Hollywood Heights has block parties, wine nights, and breakfast in the park to name only a few of the activities. Neighbors constantly come up with new ideas that are embraced with open arms. Of course, if you read CandysDirt.com, you know all about the famous Hollywood Heights Home Tour. We just finished up the 28th year of being one of the most successful tours in the Metroplex.


Historic Architectural Treasure

This neighborhood has one of the largest collections of stone-embellished Tudor cottages in America. Not only are there gorgeous Tudor homes, but we also have Spanish and French Eclectic, Minimal Traditional, Craftsman, Monterrey, and two rare Pueblo-style homes. J.B. Salmon was the gentleman that turned a former dairy farm into what is officially known as the Hollywood Santa Monica neighborhood. He allowed the diverse architectural styles, as long as other builders and architects stuck to the deed restrictions. I think he’d be pleased to see how his little development turned out.


The success of any neighborhood is a team effort. Forever friends are made, and memories are created that sustain you for life. I asked my son Rowan, now grown and off to Boston for his Master’s degree, what he thought about growing up in Hollywood Heights.
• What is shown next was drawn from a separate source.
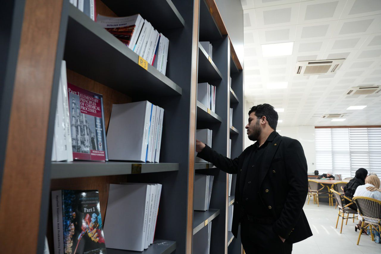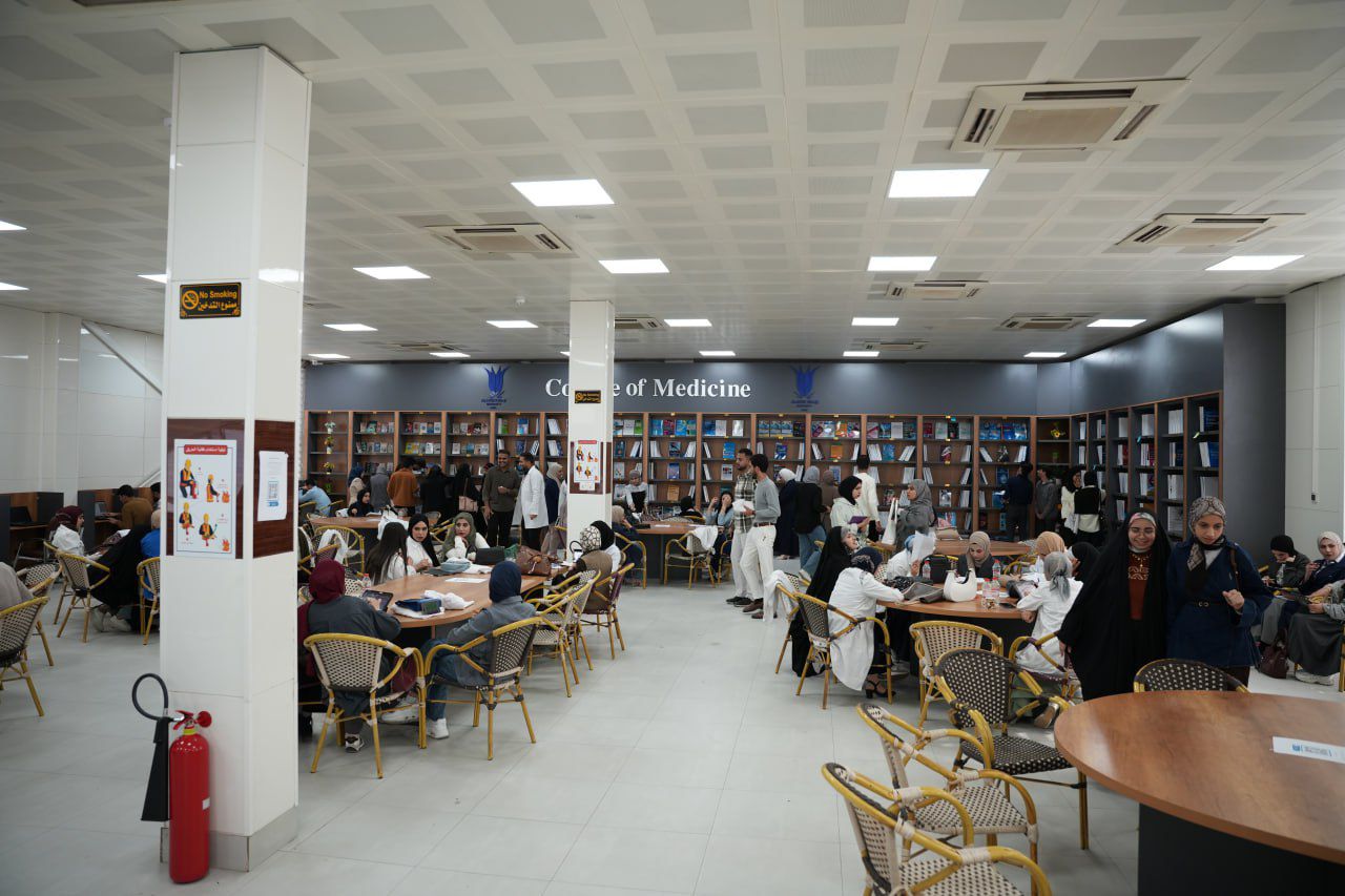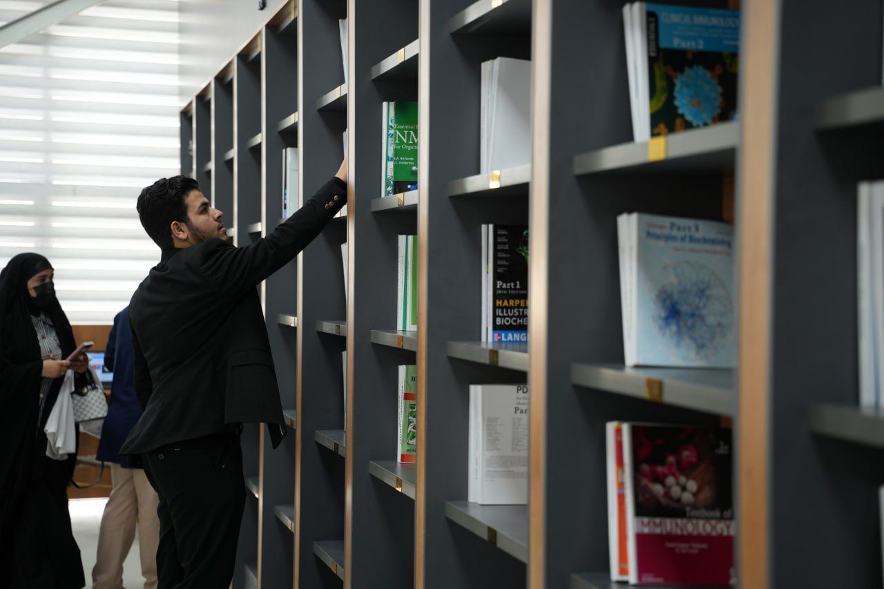 The library possessing a wide range of reputable academic references and internationally accredited books, in addition to quiet study rooms, dedicated spaces for team work, and a well-organized borrowing system that facilitates students' access to the information they need for their academic and research endeavors.
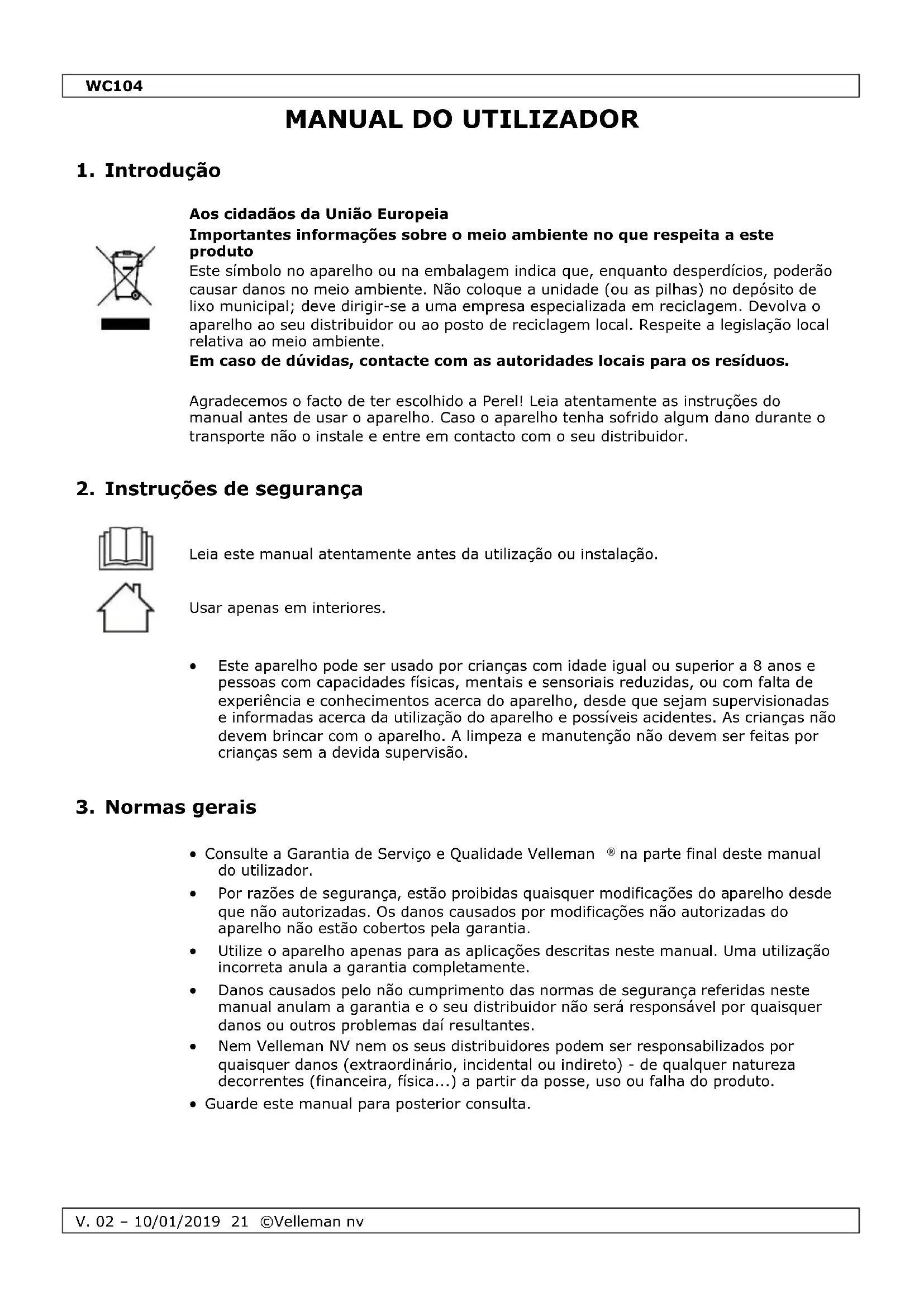 MANUAL DE UTILIZADOR WC104 Perel

“There is a real sense of community here,” he said. “Lindsley park is a wonderful cornerstone for any young child growing up in the neighborhood. It’s safe, calm, and everyone looks after each other. It’s just a really comforting, sweet neighborhood.”


Karen Eubank

Karen is the owner of Eubank Staging and Design. She has been an award-winning professional home stager for more than 25 years and a professional writer for over 20 years. Karen is the mother of a son who’s studying for his masters at The New England Conservatory of Music. An ardent animal lover, she doesn’t mind one bit if your fur baby jumps right into her lap.

Reader Interactions


  1. Kyle Rains says

    Top schools too: Lakewood, Long and Woodrow. Generations have attended these historic institutions, tying everyone together.

  2. Fran says

    I lived in Hollywood Heights in the late 1980’s and I loved the neighborhood and my neighbors. I loved my house and if I’d stayed in Dallas longer I would have renovated the kitchen. From Dallas I moved to New Jersey and found a great old house there too and then I moved to DC and am now we’re living on a mountain south of Charlottesville. But I still have great memories of my house in Hollywood and with some great parties that we had in the back yard. When anyone I know is moving to Dallas I always tell them to move to Hollywood Heights.